My first first author paper is out! VIBRANT, software to identify and characterize microbial viruses from genomic data. @AnantharamanLab @KarthikGeomicro @ZhichaoZhou_CHN https://t.co/bX22DBve6p
— Kristopher Kieft (@KrisKieft) 2020年6月11日

Interested in viruses in metagenomes/genomes? Our new software VIBRANT built by Ph.D student @KrisKieft will identify and annotate viruses, predict metabolic genes, genome quality, and provides visual summaries. Preprint and docker image coming soon. https://t.co/imLPyGagNd
— Karthik Anantharaman (@KarthikGeomicro) 2019年10月16日

インストール

依存をcondaで導入し、VIBRANTのコードをpullしてテストした。テストしていないが、現在はbiocondaからインストールできる。

依存

VIBRANT has been tested and successfully run on Mac, Linux and Ubuntu systems.

Python3: https://www.python.org (version >= 3.5)
Prodigal: https://github.com/hyattpd/Prodigal
HMMER3: https://github.com/EddyRivasLab/hmmer
gzip: http://www.gzip.org/
tar: https://www.gnu.org/software/tar/
wget: https://www.gnu.org/software/wget/

Python Dependancies

BioPython: https://biopython.org/wiki/Download
Pandas: https://pandas.pydata.org/pandas-docs/stable/install.html
Matplotlib: https://matplotlib.org/
Seaborn: https://seaborn.pydata.org/
Numpy (version >= 1.17.0): https://numpy.org/
Scikit-learn: https://scikit-learn.org/stable/
Pickle: https://docs.python.org/3/library/pickle.html

本体　Github

#python3.7の仮想環境を作って入れる
conda create -n Vibrant -c bioconda -y hmmer Prodigal biopython python=3.7
conda activate Vibrant
conda install -c anaconda -y pandas matplotlib numpy seaborn scikit-learn

git clone https://github.com/AnantharamanLab/VIBRANT.git
chmod -R 777 VIBRANT
cd VIBRANT/

#or Bioconda(link)
conda install -c bioconda vibrant -y

> python3 VIBRANT_run.py -h

$ python3 VIBRANT_run.py -h

usage: VIBRANT_run.py [-h] [--version] -i I [-f {prot,nucl}] [-t T] [-l L]

[-o O] [-virome] [-no_plot] [-k K] [-p P] [-v V] [-e E]

[-a A] [-c C] [-n N] [-s S] [-m M] [-g G]

Usage: python3 VIBRANT_run.py -i <input_file> [options]. VIBRANT identifies

bacterial and archaeal viruses (phages) from assembled metagenomic scaffolds

or whole genomes, including the excision of integrated proviruses. VIBRANT

also performs curation of identified viral scaffolds, estimation of viral

genome completeness and analysis of viral metabolic capabilities.

optional arguments:

-h, --help show this help message and exit

--version show program's version number and exit

-i I input fasta file

-f {prot,nucl} format of input [default="nucl"]

-t T number of parallel VIBRANT runs, each occupies 1 CPU

[default=1, max of 1 CPU per scaffold]

-l L length in basepairs to limit input sequences [default=3000,

can increase but not decrease]

-o O number of ORFs per scaffold to limit input sequences

[default=4, can increase but not decrease]

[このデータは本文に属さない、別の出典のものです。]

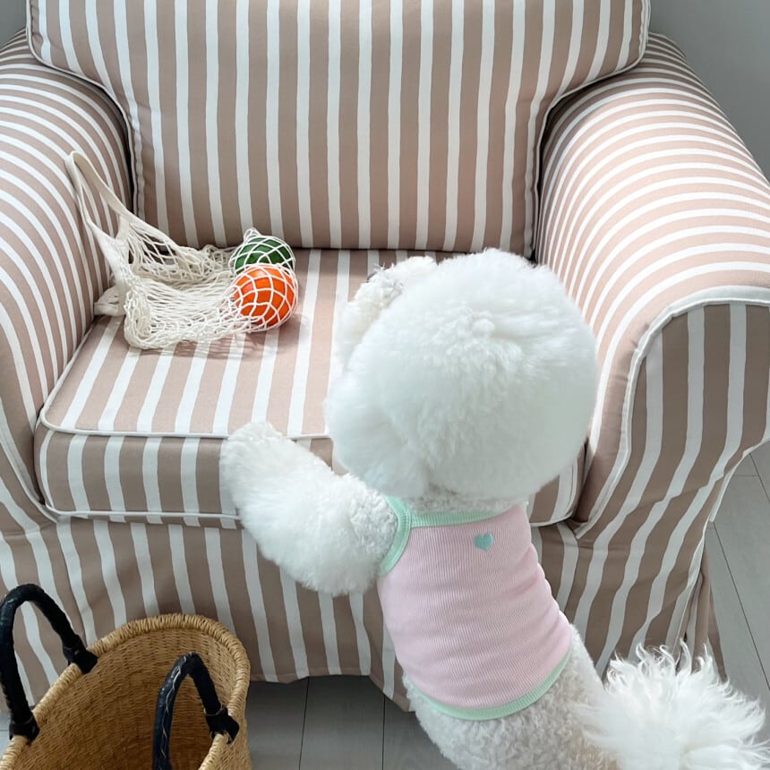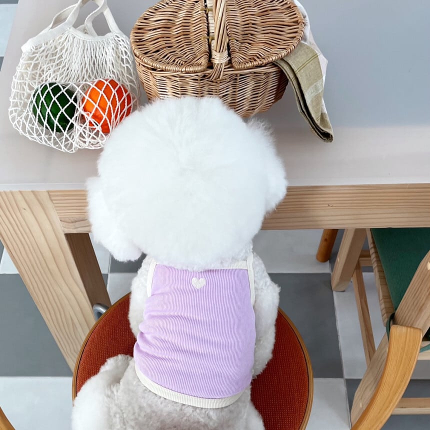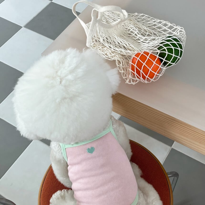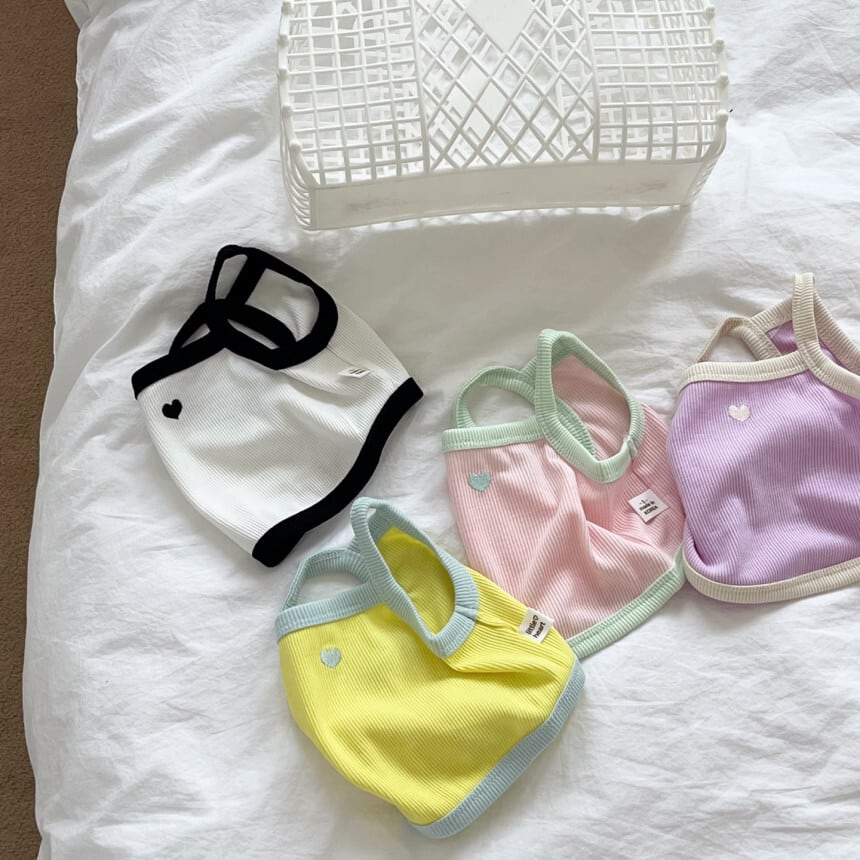 爽やかな色合いに小さなハート刺繍のアクセントがあり、涼しく着られるノースリーブです:)
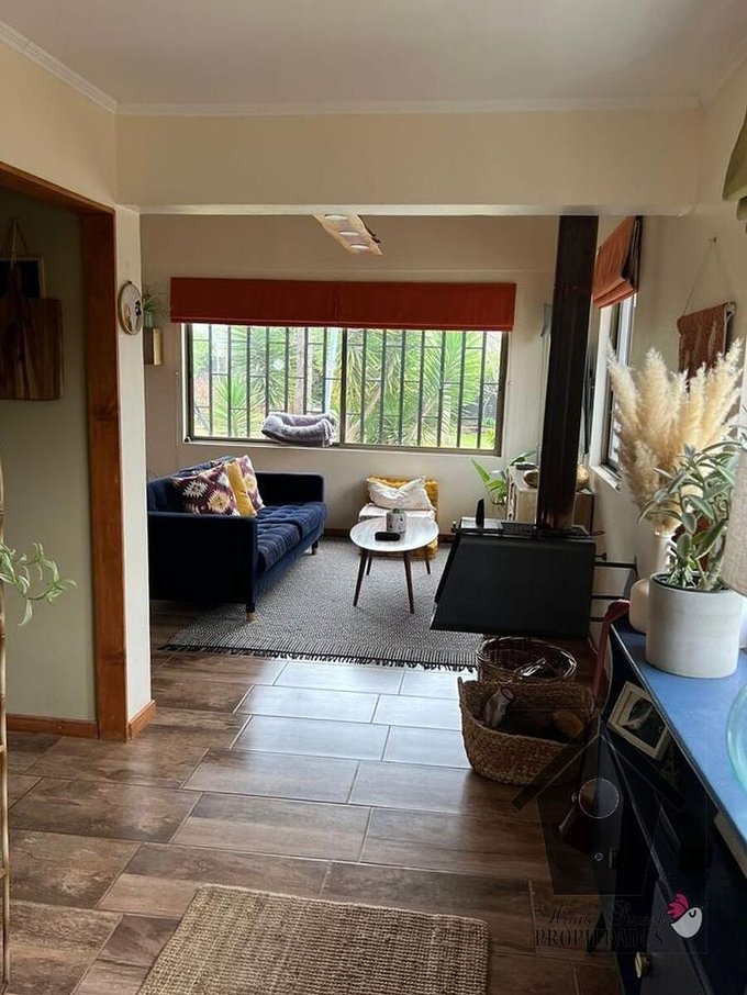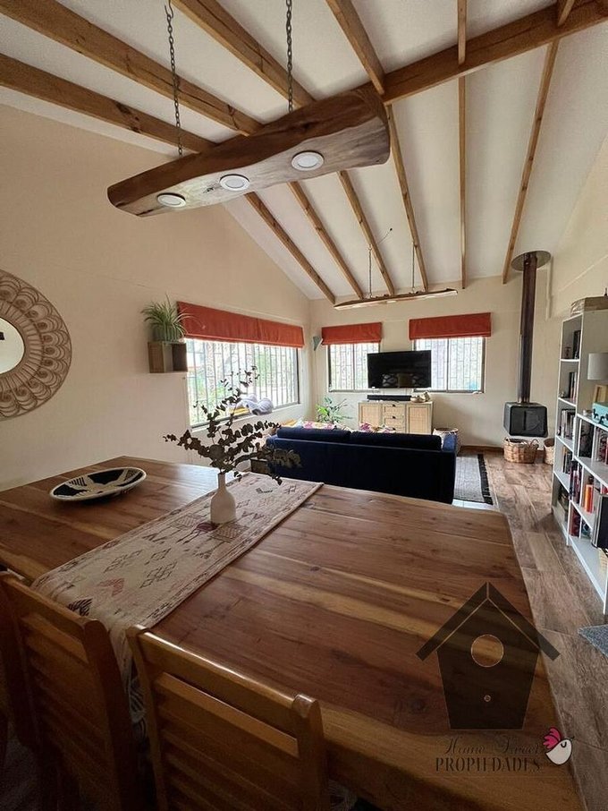 Exterior: Junto a un amplio jardín formado de 2.000 m la casa tiene el siguientes detalle de espacios e instalaciones para compartir: Terraza, quincho techado con baño, fogón techado, 3 tinas de baño para agua caliente y fría, pérgola cubierta con Flor de la pluma y jazmines, una piscina de 6x3m. Además cuenta con amplio estacionamiento, el que incluye espacio techado para dos autos y una huerta de 3,000 m
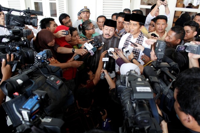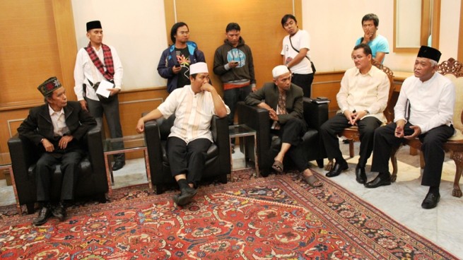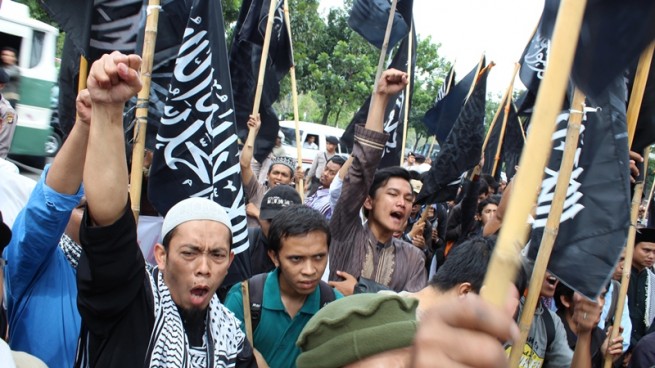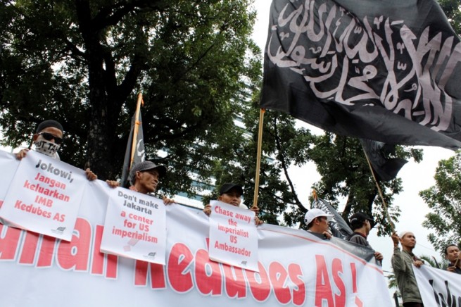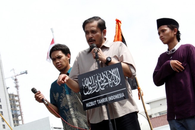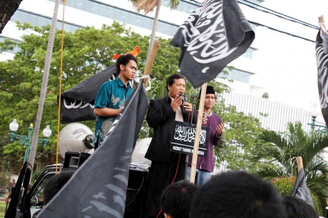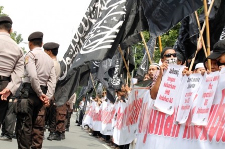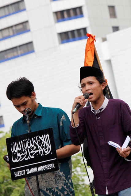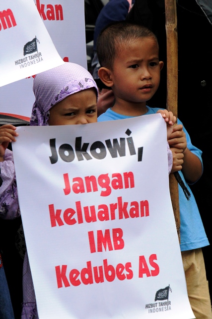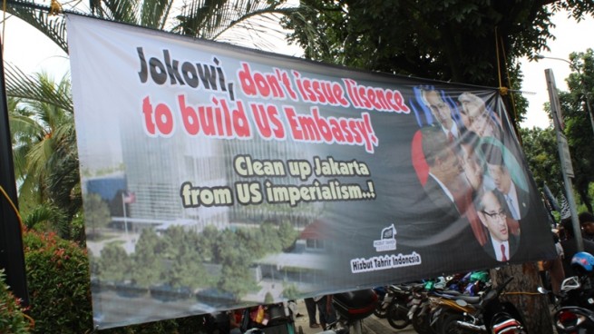 1500 members of Hizb ut Tahrir / Indonesia demonstrated on Friday, 12 Rabii II 1434 AH, corresponding to 22 February 2013 in front of the Jakarta governor's office, demanding the governor (Jokowi) not to allow the plan to renew and expand the U.S. embassy in Jakarta. A delegation of Hizb ut Tahrir met with the governor to discuss the issue with him. The activity was attended by representatives from other Islamic groups; Muhammadiyah, Ansar al-Tawhid, Mir - Cee, Indonesia's Muslim Brotherhood, stressing that the goal of expansion of the U.S. embassy is to strengthen U.S. influence in colonial Indonesia.

-virome use this setting if dataset is known to be comprised mainly

of viruses. More sensitive to viruses, less sensitive to

false identifications [default=off]

-no_plot suppress the generation of summary plots [default=off]

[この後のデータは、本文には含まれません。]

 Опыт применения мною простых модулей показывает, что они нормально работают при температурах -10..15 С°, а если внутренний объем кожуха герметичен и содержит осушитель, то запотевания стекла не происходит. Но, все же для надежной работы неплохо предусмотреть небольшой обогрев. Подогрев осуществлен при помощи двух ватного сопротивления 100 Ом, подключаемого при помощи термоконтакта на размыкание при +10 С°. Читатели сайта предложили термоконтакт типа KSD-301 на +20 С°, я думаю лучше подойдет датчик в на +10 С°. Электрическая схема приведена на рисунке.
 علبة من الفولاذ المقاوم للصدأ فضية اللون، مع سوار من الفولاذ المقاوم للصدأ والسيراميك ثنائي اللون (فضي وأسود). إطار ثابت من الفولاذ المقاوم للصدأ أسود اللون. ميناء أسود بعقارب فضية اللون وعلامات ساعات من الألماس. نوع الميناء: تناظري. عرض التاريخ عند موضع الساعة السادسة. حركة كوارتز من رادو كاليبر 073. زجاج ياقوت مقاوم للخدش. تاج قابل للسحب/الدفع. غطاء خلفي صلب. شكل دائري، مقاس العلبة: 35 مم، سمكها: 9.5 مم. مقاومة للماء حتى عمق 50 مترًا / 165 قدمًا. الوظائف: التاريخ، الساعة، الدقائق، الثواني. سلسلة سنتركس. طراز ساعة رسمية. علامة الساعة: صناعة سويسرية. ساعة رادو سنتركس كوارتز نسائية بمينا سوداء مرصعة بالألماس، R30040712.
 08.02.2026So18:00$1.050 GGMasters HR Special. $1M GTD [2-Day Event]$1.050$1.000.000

-k K path to KEGG HMMs (if moved from default location)

-p P path to Pfam HMMs (if moved from default location)

-v V path to VOG HMMs (if moved from default location)

-e E path to plasmid HMMs (if moved from default location)

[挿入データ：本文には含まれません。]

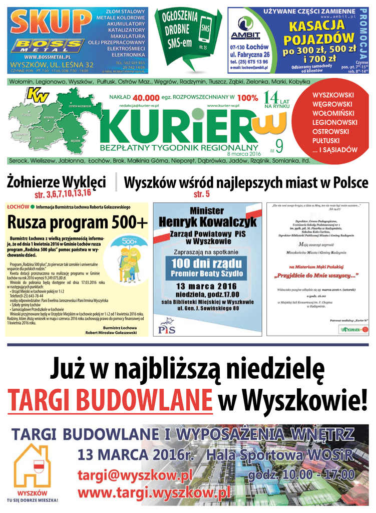 8 marca 2016 Żołnierze Wyklęci 16 str. 3,6,7,10,13, nr 9 Wyszków wśród najlepszych miast w Polsce str. 5 ŁOCHÓW l Informacja Burmistrza Łochowa Roberta Gołaszewskiego Rusza program 500+ Burmistrz Łochowa z wielką przyjemnością informuje, że od dnia 1 kwietnia 2016 w Gminie Łochów rusza program „Rodzina 500 plus” pomoc państwa w wychowaniu dzieci. Program„Rodzina 500 plus”„to pierwsze tak szerokie i uniwersalne wsparcie dla polskich rodzin.” Kwota dotacji przeznaczona na realizację programu w Gminie Łochów na rok 2016 wynosi 9.249.075,00 zł. Wnioski do pobrania będą dostępne od dnia 17.03.2016 roku w następujących punktach: • Urząd Miejski w Łochowie pokój nr 1 i 2 Telefon(0-25) 643-78-44 osoby odpowiedzialne: Pani Ewelina Jaroszewska i Pani Irmina Wyszyńska • Szkoły gminy Łochów • Samorządowe Przedszkole w Łochowie Wnioski przyjmowane będą w Urzędzie Miejskim w Łochowie pokój nr 1 i 2 od 1 kwietnia 2016 roku. Rodziny, które złożą wniosek w maju i czerwcu 2016 roku zachowują prawo do pomocy finansowej od 1 kwietnia 2016 roku. Burmistrz Łochowa Robert Mirosław Gołaszewski Już w najbliższą niedzielę TARGI BUDOWLANE w Wyszkowie! 2 8 marca 2016 SOBOTNIE SPOTKANIE Z EDUKACJĄ W I JĘZYKOWEJ SZKOLE PODSTAWOWEJ ZDZ W WYSZKOWIE klasowych, uczniowie nie noszą tornistrów – lekcje odrabiają pod okiem nauczyciela świetlicy, codziennie uczą się języka angielskiego oraz dodatkowo dwa razy w tygodniu języka hiszpańskiego i bardzo chętnie uczestniczą w klubach badawczych: chemika, podróżnika, MasterChefa i naukowca oraz w zajęciach z logopedii i gim- W sobotę, 27 lutego odbył się dzień otwarty w I JSP w Wyszkowie. Przyszli uczniowie mieli możliwość poznać budynek szkoły, uczestniczyć w ciekawych zajęciach językowych, interaktywnych i doświadczalnych. Rodzice natomiast zapoznali się z ofertą placówki a także wzięli udział w warsztatach oraz wykładzie na temat „Dojrzałości dziecka do nauki w szkole”, które poprowadzili specjaliści w dziedzinie pedagogiki i psychologii dziecięcej pani Joanna Korczakowska i pani Edyta Puławska oraz w prelekcji na temat „ Roli oceny kształtującej w rozwoju dziecka” prowadzonej przez pedagoga, trenera i edukatora oświaty Eugeniusza Nowickiego. Dyrekcja oraz grono pedagogiczne serdecznie dziękuje wszystkim gościom oraz zaprasza do współpracy z placówką. Podkreślamy, że w I JSP prowadzimy edukację w małolicznych zespołach , - Ekologiczni uczniowie w Gminie Wyszków Gmina Wyszków prowadząc placówki oświatowe w dużej mierze stawia na rozwój ekologii wśród dzieci i młodzieży. Od lat wspiera inicjatywy szkolne związane z organizacją konkursów z przedmiotów przyrodniczych. W obecnym roku szkolnym Gmina Wyszków zrealizowała dwa zadania z zakresu rozwoju edukacji ekologicznej wśród uczniów dofinansowane ze środków Wojewódzkiego Funduszu Ochrony Środowiska i Gospodarki Wodnej w Warszawie. Pierwszym z nich był projekt pn. „Ekologiczni Wyszkowianie – kampania edukacyjna dla mieszkańców Gminy Wyszków”. Projekt miał na celu podniesienie świadomości społeczeństwa Wyszkowa na temat stanu i ochrony środowiska naturalnego poprzez przybliżenie zagadnień związanych m.in. z niską emisją poprzez organizację warsztatów dla uczniów, wyjazdu do obiektu przyrodniczego i warsztatów dla mieszkańców. Całkowita wartość zadania wyniosła 6 840,69 zł, zaś otrzymane z WFOŚiGW dofinansowanie 6 156,62 zł, co stanowi 90% całkowitych wydatków. Drugim zadaniem był projekt pn.: „Eko uczniowie! - rozwój edukacyjnej infrastruktury terenowej”. Celem ogólnym zadania było podniesienie wiedzy wśród uczniów Szkoły Podstawowej nr 1, Zespołu Szkół w Wyszkowie oraz przedszkolaków Przedszkola nr 9 w Wyszkowie w zakresie fauny i flory Mazowsza w warunkach terenowych wraz z zapobieganiem antropogenizacji środowiska naturalnego. Celem szczegółowym było doposażenie istniejących ścieżek edukacyjnych, ogródków botanicznych w trzech ww. placówkach oświatowych. W efekcie przy placówkach powstały ścieżki edukacyjno-przyrodnicze i mini-ogródki doposażone w tablice edukacyjne, kosze na śmieci, ławki oraz pomoce dydaktyczne. Koszt całkowity zadania wyniósł 40 207,00 zł, zaś otrzymane z WFOŚiGW dofinansowanie 32 926,70 zł, co stanowi 82% kosztów całego zadania. Gmina Wyszków planuje kontynuację podjętych działań w kierunku rozwoju infrastruktury ekologicznej w prowadzonych przez siebie placówkach. Obecnie przygotowywane są wnioski o dofinansowanie na stworzenie kolejnych ścieżek edukacyjnych przy szkołach i przedszkolu. nastyki korekcyjno-kompensacyjnej. Więcej szczegółów na stronie www. jspwyszkow.edu.pl. REKLAMY JUŻ OD 1290 ZŁ e-mail: [email protected] 8 marca 2016 3 WYSZKÓW l Obchody Narodowego Dnia Pamięci „Żołnierzy Wyklętych” W hołdzie poległym i pomordowanym 1 marca, to dzień szczególny w całej Polsce - obchodzimy święto Żołnierzy Wyklętych, ale przede wszystkim przywracamy pamięć o żołnierzach w walce o niepodległą ojczyznę niezłomnych i niepokonanych. W Wyszkowie do uczczenia Narodowego Dnia Pamięci 1 marca 2016 r. zaprosili: Prawo i Sprawiedliwość w Wyszkowie oraz Światowy Związek Żołnierzy Armii Krajowej Obwód „Rajski - Ptak”. Wyszkowskie obchody odbyły się przy pomniku poświęconym poległym i pomordowanym żołnierzom antykomunistycznego podziemia zbrojnego oraz cywilnym mieszkańcom ziemi wyszkowskiej w latach 1944-1952. Zebrani oddali hołd nie tylko 51 żołnierzyon, których upamiętnia pomnik „Żołnierzy Wyklętych” w Wyszkowie (przy moście kołowym), ale też wszystkim walczącym z komunistami o niepodległą Polskę. W obchodach udział wzięli: poseł na Sejm RP Daniel Milewski, w imieniu posła i sekretarza Stanu Marka Zagórskiego - dyrektor jego biura Łukasz Dudkiewicz, rodziny pomordowanych m.in. bratanek Jana Kmio

-a A path to viral-subset Pfam HMMs (if moved from default

location)

-c C path to VIBRANT categories file (if moved from default

location)

-n N path to VIBRANT annotation to name file (if moved from

default location)

-s S path to VIBRANT summary of KEGG metabolism file (if moved

from default location)

-m M path to VIBRANT neural network machine learning model (if

moved from default location)

-g G path to VIBRANT AMGs file (if moved from default location)

> python3 scripts/VIBRANT_annotation.py -h

$ python3 scripts/VIBRANT_annotation.py -h

usage: VIBRANT_annotation.py [-h] [--version] -i I [-f {prot,nucl}] [-l L]

[-o O] [-virome] [-k K] [-p P] [-v V] [-e E]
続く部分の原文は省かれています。